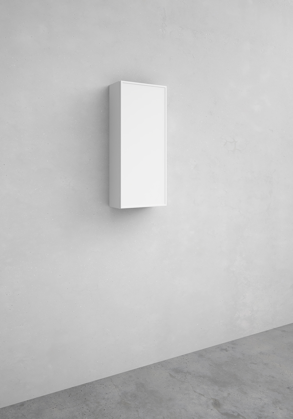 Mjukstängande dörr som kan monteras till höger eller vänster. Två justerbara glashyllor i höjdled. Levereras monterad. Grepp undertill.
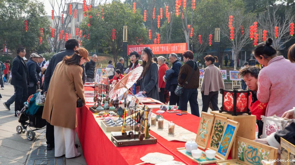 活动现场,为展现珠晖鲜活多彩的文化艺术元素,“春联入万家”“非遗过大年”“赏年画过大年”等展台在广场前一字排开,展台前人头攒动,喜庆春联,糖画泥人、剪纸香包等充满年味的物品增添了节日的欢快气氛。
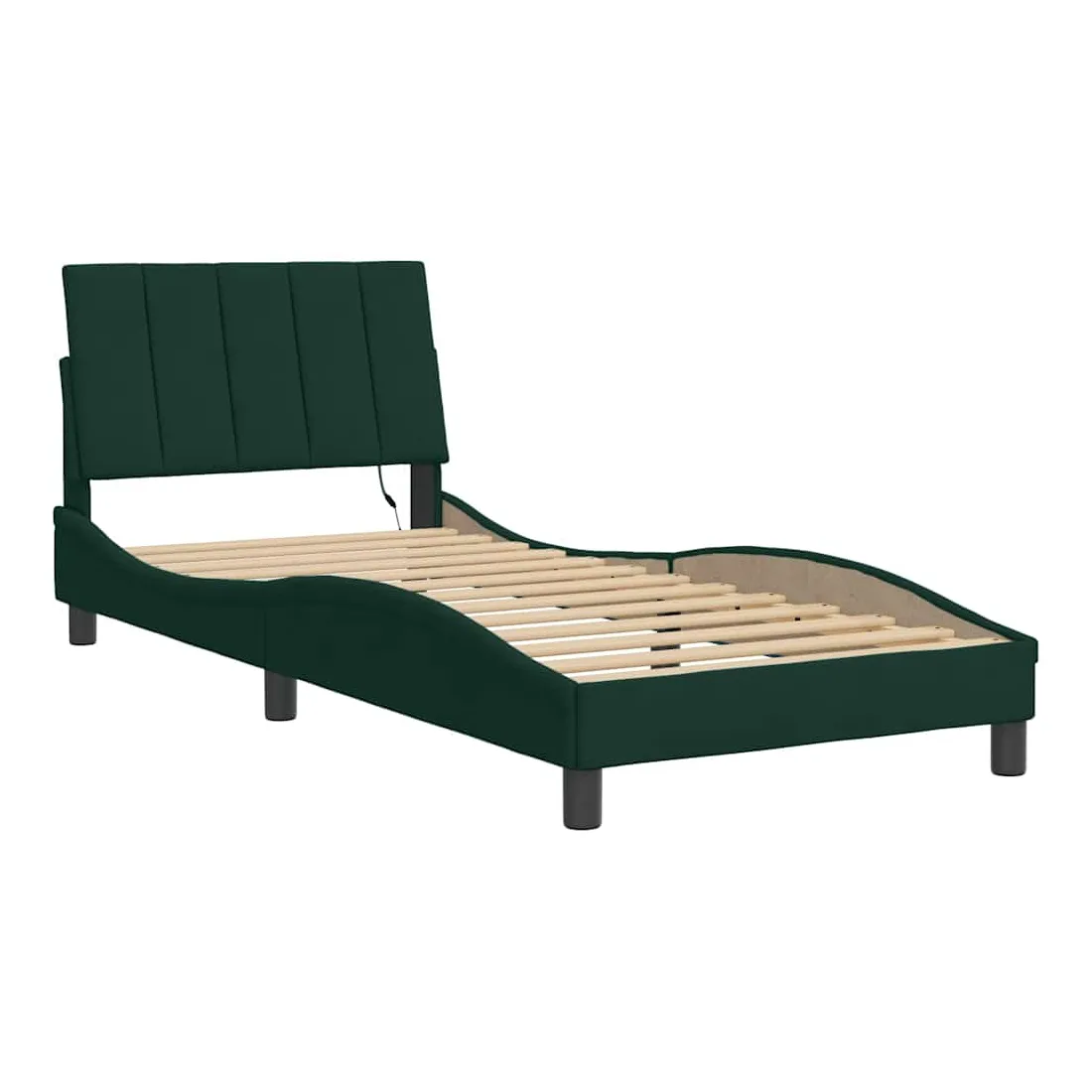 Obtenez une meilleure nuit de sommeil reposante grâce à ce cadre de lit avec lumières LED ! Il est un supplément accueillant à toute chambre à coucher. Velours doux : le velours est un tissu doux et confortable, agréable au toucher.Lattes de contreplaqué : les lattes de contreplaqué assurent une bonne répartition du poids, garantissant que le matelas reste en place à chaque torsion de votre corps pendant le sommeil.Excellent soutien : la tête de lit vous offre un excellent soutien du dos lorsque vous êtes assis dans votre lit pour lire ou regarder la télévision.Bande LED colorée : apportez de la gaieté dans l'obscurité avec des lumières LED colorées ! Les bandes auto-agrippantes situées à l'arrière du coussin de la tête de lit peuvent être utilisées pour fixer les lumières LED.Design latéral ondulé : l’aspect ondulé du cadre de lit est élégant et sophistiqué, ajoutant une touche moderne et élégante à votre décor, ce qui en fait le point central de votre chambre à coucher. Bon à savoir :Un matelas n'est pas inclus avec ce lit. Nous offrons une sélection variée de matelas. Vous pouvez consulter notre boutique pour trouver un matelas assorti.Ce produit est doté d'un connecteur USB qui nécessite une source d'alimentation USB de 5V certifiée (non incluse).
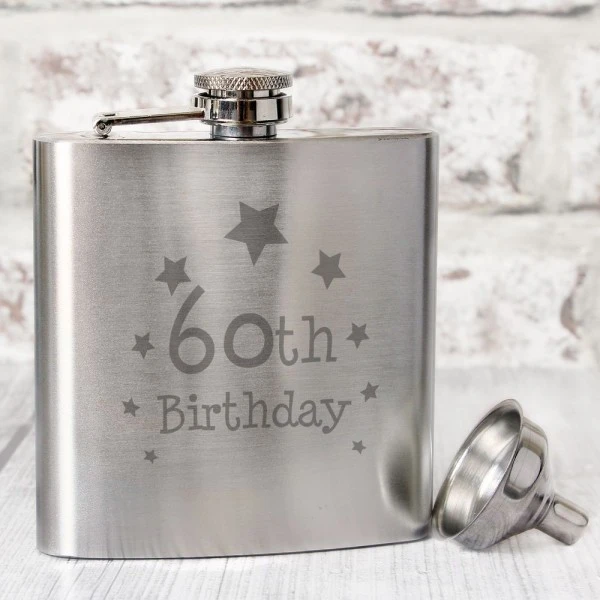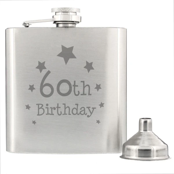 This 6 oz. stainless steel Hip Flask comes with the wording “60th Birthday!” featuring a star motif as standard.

-*-

Pictures excluded, copy the lines exactly from where the material starts to the line with "活动现场,为展现珠晖鲜活多彩", inclusive.

 Mjukstängande dörr som kan monteras till höger eller vänster. Två justerbara glashyllor i höjdled. Levereras monterad. Grepp undertill.
 活动现场,为展现珠晖鲜活多彩的文化艺术元素,“春联入万家”“非遗过大年”“赏年画过大年”等展台在广场前一字排开,展台前人头攒动,喜庆春联,糖画泥人、剪纸香包等充满年味的物品增添了节日的欢快气氛。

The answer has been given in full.